Ask user: "The job timed out. Would you like to (a) run it externally and then resume, or (b) continue to testing with partial results?"
Record the user's choice in results/pre_execution_status.json → proceed to Step 4-PARTIAL.

Step 4-PARTIAL (failure or timeout): Write results/pre_execution_status.json:

{
  "state": "FAILED | PARTIAL",
  "error_class": "dependency|compilation|runtime|timeout|resource|fatal|unknown",
  "severity": "recoverable|blocking|fatal",
  "retryable": true,
  "downstream_allowed": true | false,
  "traceback_ref": "results/run_log.txt",
  "next_action": "retry|abort|user_decision"
}

Choose the appropriate state, error_class, and severity based on the failure mode:

Timeouts: "state": "PARTIAL", "error_class": "timeout"
Non-zero exit with partial artifacts: "state": "PARTIAL"
Non-zero exit with no usable output: "state": "FAILED" Set "downstream_allowed": true if partial artifacts exist that downstream phases can use, false if nothing usable was produced. Set "retryable": true for transient failures (timeout, resource), false for deterministic failures (compilation, logic).

Announce clearly to the user. Do NOT block the pipeline — proceed to Step 6.

Step 5: Post-execution Inventory

If execution succeeded:

Glob results/**/* and categorize by extension.
If expected_outputs is specified in frontmatter, verify each file exists. Report any missing ones.
Silent failure detection: If exit code was 0 but one or more required: true expected outputs are missing, treat this as state PARTIAL (not SUCCESS). Write pre_execution_status.json with "state": "PARTIAL", "error_class": "silent_failure", "severity": "recoverable", and "downstream_allowed": true. Announce the discrepancy to the user.
Write results/pre_execution_status.json:
```
{
  "state": "SUCCESS",
  "error_class": null,
  "severity": null,
  "retryable": false,
  "downstream_allowed": true,
  "traceback_ref": "results/run_log.txt",
  "next_action": "proceed"
}
```
Note for downstream consumers: When reading pre_execution_status.json, always check the state field value — do not treat file existence alone as an indicator of success. See research-test Step 0 for the correct guard logic.

Legacy fallback: If pre_execution_status.md exists (legacy v0.8.x workspace), read it and treat any line containing SUCCESS/FAILED/PARTIAL/EXISTING as the state. New runs always write .json.

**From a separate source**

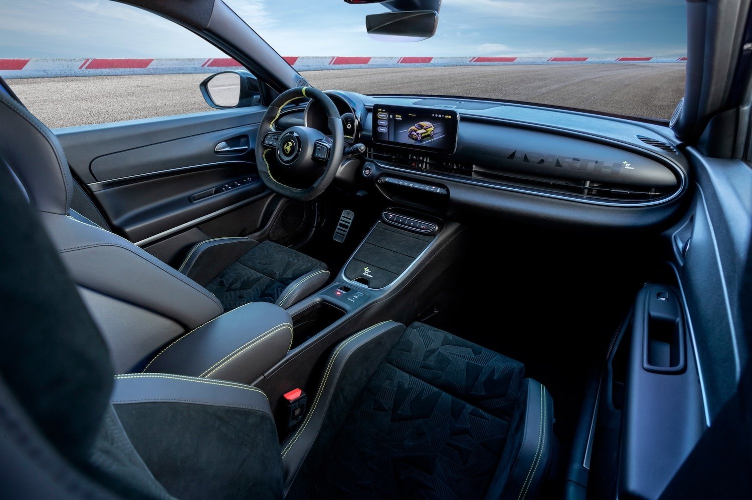 A l’intérieur, on trouve des sièges avant inédits, plus enveloppants. Ils sont habillés de cuir et d’Alcantara, avec des surpiqûres jaune fluo, la nouvelle couleur signature d’Abarth. On retrouve ces éléments sur le volant, qui se dote d’un repère central, lui aussi jaune fluo.

Save source fingerprints for future staleness detection:

Compute SHA-256 hashes of all files in src/ and plan/research_plan.md

Save to results/.source_hashes.json:

{
  "generated_at": "ISO-8601 timestamp",
  "execution_cmd": "{execution_cmd}",
  "hashes": {
    "src/main.py": "sha256:abc123...",
    "plan/research_plan.md": "sha256:def456..."
  }
}

Announce success with the artifact summary.

Step 6: Summary

Present to the user:

Execution status: SUCCESS / FAILED / PARTIAL / SKIPPED (existing) / TIMED_OUT
Command used: {execution_cmd}
Artifacts generated: list with file types
Issues encountered: (if any) with recommended next steps
Next step: Proceed to Phase 4 (/research-test) when ready

Notes

This skill has no Gemini/Codex calls — execution is a deterministic operation.
If the full run truly requires hours (e.g., multi-GPU training), always recommend running it externally and committing results/ before calling this skill. Step 1 (Early Exit) will detect the populated results/ and skip re-execution automatically.
Do NOT modify src/ files during this phase. If errors require code changes, roll back to Phase 3 (Implement).